# [THE DATA]
====

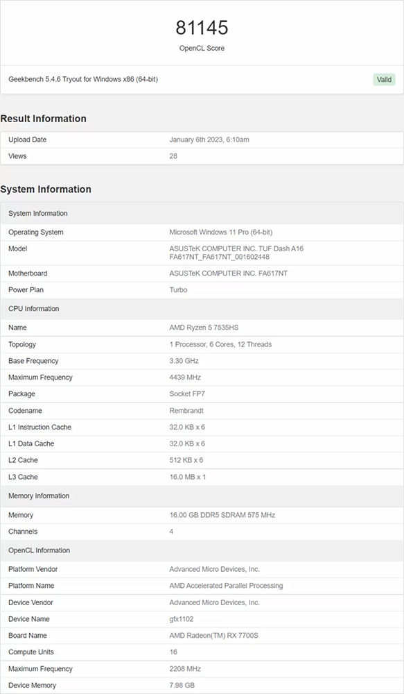 第四台为华硕的 TUF Dash A16,配备 AMD Ryzen 5 7535HS 处理器与 16GB 内存,GPU 独显为 AMD Radeon RX7700S,OpenCL 分数是 81145:
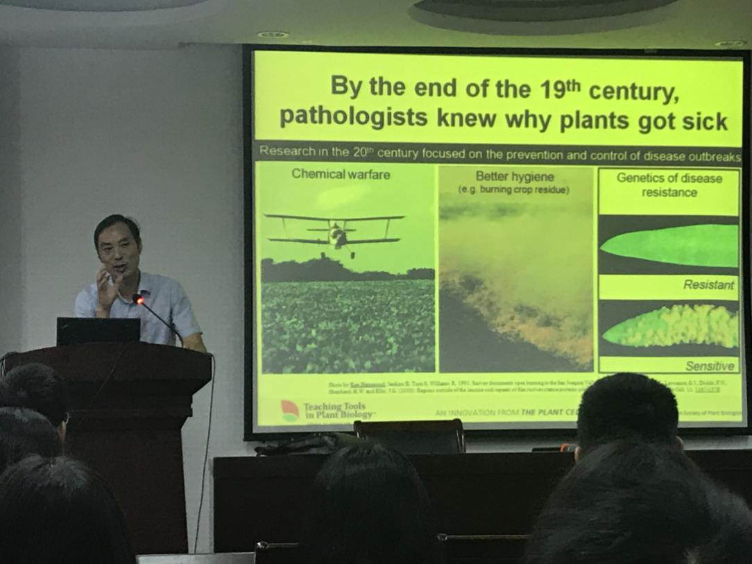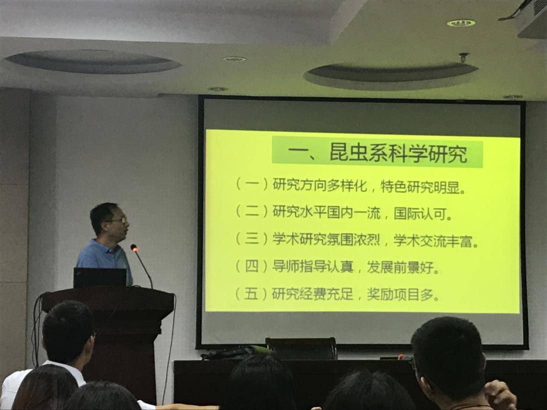 、2019届深造(保研和考研)政策简介两项议程。首先由植物病理学系教授窦道龙、昆虫学系教授王备新、农药系教授高聪芬老师从不同的学科研究方向为大家进行了简单的介绍,突显出植保学院悠久的发展历史、杰出的人才队伍、一流的科研平台、领先的研究方向、丰富的科研成果和人才走向,充分展示了学院实力。
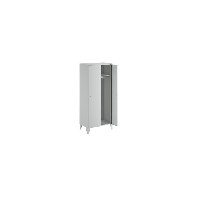 Armadio guardaroba con piedini, alt. x largh. x prof. 1850 x 800 x 500 mm, 2 scomparti, grigio chiaro. Fornitura = montato. Altezza = 1850 mm. Profondità = 500 mm. Larghezza = 800 mm. Colore corpo = grigio chiaro RAL 7035. Colore porta = grigio chiaro RAL 7035. Serratura = serratura a cilindro di sicurezza differenziata. Numero scomparti in larghezza = 2 pz. Larghezza scomparti = 400 mm. Materiale = lamiera d'acciaio saldata. Altezza armadietto = 1850 mm. Dotazione interna = 1 cappelliera, 1 asta appendiabiti con 3 ganci scorrevoli. Larghezza interna = 398 mm. Altezza interna = 250 / 1400 mm. Profondità interna = 475 mm. Tipo di porta = ante piene. Numero chiavi = 2 pz. Altezza scomparti = 1700 mm. Larghezza ripiani = 400 mm. Profondità ripiani = 500 mm. Altezza piedini = 150 mm. Struttura = saldata a punti. Superficie = con verniciatura a forno. Sfruttamento ottimale dello spazio grazie agli armadietti sovrapponibili. Con serratura a cilindro. In lamiera d'acciaio saldata. Corpo
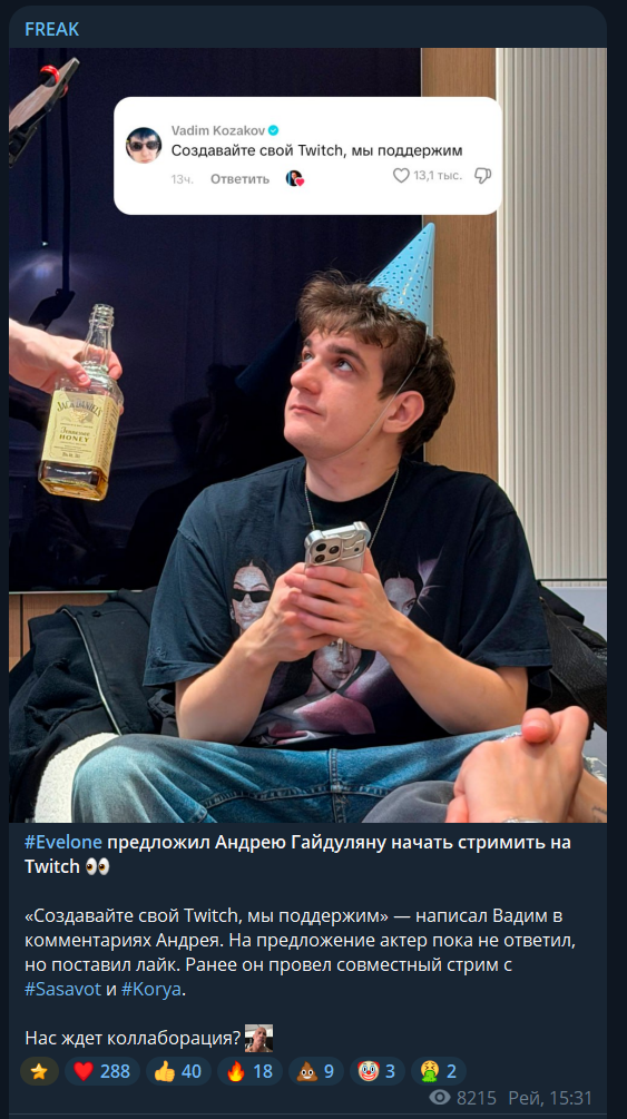 Это про гайдуляна типа толстого мудака с тнт говорил Илья в тг? Так он сам епт смотрел Саша+Богдан. С ним самый популярный выпуск у плюшек. Естественно это далеко не последний актеришка, а почти звезда уровня анара или сасавота.

====

# [THE PROBLEM]
Repeat the listing verbatim without its pictures.

# [ANSWER FOR THIS EXERCISE]
 第四台为华硕的 TUF Dash A16,配备 AMD Ryzen 5 7535HS 处理器与 16GB 内存,GPU 独显为 AMD Radeon RX7700S,OpenCL 分数是 81145:
 、2019届深造(保研和考研)政策简介两项议程。首先由植物病理学系教授窦道龙、昆虫学系教授王备新、农药系教授高聪芬老师从不同的学科研究方向为大家进行了简单的介绍,突显出植保学院悠久的发展历史、杰出的人才队伍、一流的科研平台、领先的研究方向、丰富的科研成果和人才走向,充分展示了学院实力。
 Armadio guardaroba con piedini, alt. x largh. x prof. 1850 x 800 x 500 mm, 2 scomparti, grigio chiaro. Fornitura = montato. Altezza = 1850 mm. Profondità = 500 mm. Larghezza = 800 mm. Colore corpo = grigio chiaro RAL 7035. Colore porta = grigio chiaro RAL 7035. Serratura = serratura a cilindro di sicurezza differenziata. Numero scomparti in larghezza = 2 pz. Larghezza scomparti = 400 mm. Materiale = lamiera d'acciaio saldata. Altezza armadietto = 1850 mm. Dotazione interna = 1 cappelliera, 1 asta appendiabiti con 3 ganci scorrevoli. Larghezza interna = 398 mm. Altezza interna = 250 / 1400 mm. Profondità interna = 475 mm. Tipo di porta = ante piene. Numero chiavi = 2 pz. Altezza scomparti = 1700 mm. Larghezza ripiani = 400 mm. Profondità ripiani = 500 mm. Altezza piedini = 150 mm. Struttura = saldata a punti. Superficie = con verniciatura a forno. Sfruttamento ottimale dello spazio grazie agli armadietti sovrapponibili. Con serratura a cilindro. In lamiera d'acciaio saldata. Corpo
 Это про гайдуляна типа толстого мудака с тнт говорил Илья в тг? Так он сам епт смотрел Саша+Богдан. С ним самый популярный выпуск у плюшек. Естественно это далеко не последний актеришка, а почти звезда уровня анара или сасавота.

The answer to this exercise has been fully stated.